Postgres database stop suddenly (dead) in my Rails App

My postgres database was suddenly changed to dead status. I run the following command to activate it:

fly scale count 1 -a mywarehouse-db

Now the status of the database is running, but in the logs shows errors:

2023-02-17T04:10:06.087 app[4d47e1a4] scl [info] sentinel | 2023-02-17T04:10:06.086Z WARN cmd/sentinel.go:276 no keeper info available {"db": "92168189", "keeper": "d33b28ceb2"}

2023-02-17T04:10:06.091 app[4d47e1a4] scl [info] sentinel | 2023-02-17T04:10:06.091Z ERROR cmd/sentinel.go:1018 no eligible masters

2023-02-17T04:10:13.361 app[4d47e1a4] scl [info] sentinel | 2023-02-17T04:10:13.361Z WARN cmd/sentinel.go:276 no keeper info available {"db": "92168189", "keeper": "d33b28ceb2"}

2023-02-17T04:10:13.366 app[4d47e1a4] scl [info] sentinel | 2023-02-17T04:10:13.365Z ERROR cmd/sentinel.go:1018 no eligible masters

2023-02-17T04:10:15.100 app[4d47e1a4] scl [info] exporter | INFO[3446] Established new database connection to "fdaa:0:c785:a7b:d33d:2:8cec:2:5433". source="postgres_exporter.go:970"
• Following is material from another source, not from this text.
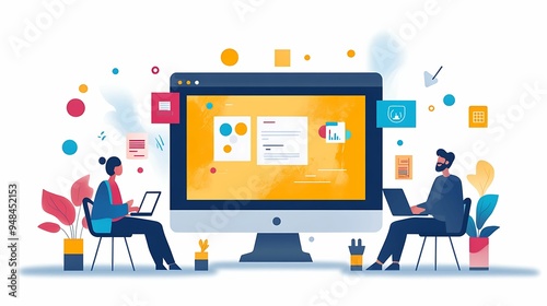 Illustration of a team collaborating in a digital workspace, with colorful elements representing online communication, file sharing, and teamwork.

2023-02-17T04:10:16.101 app[4d47e1a4] scl [info] exporter | ERRO[3447] Error opening connection to database (postgresql://flypgadmin:PASSWORD_REMOVED@[fdaa:0:c785:a7b:d33d:2:8cec:2]:5433/postgres?sslmode=disable): dial tcp [fdaa:0:c785:a7b:d33d:2:8cec:2]:5433: connect: connection refused source="postgres_exporter.go:1658"

2023-02-17T04:10:20.659 app[4d47e1a4] scl [info] sentinel | 2023-02-17T04:10:20.658Z WARN cmd/sentinel.go:276 no keeper info available {"db": "92168189", "keeper": "d33b28ceb2"}

2023-02-17T04:10:20.663 app[4d47e1a4] scl [info] sentinel | 2023-02-17T04:10:20.663Z ERROR cmd/sentinel.go:1018 no eligible masters

2023-02-17T04:10:28.302 app[4d47e1a4] scl [info] sentinel | 2023-02-17T04:10:28.301Z WARN cmd/sentinel.go:276 no keeper info available {"db": "92168189", "keeper": "d33b28ceb2"}

2023-02-17T04:10:28.306 app[4d47e1a4] scl [info] sentinel | 2023-02-17T04:10:28.305Z ERROR cmd/sentinel.go:1018 no eligible masters

2023-02-17T04:10:30.097 app[4d47e1a4] scl [info] exporter | INFO[3461] Established new database connection to "fdaa:0:c785:a7b:d33d:2:8cec:2:5433". source="postgres_exporter.go:970"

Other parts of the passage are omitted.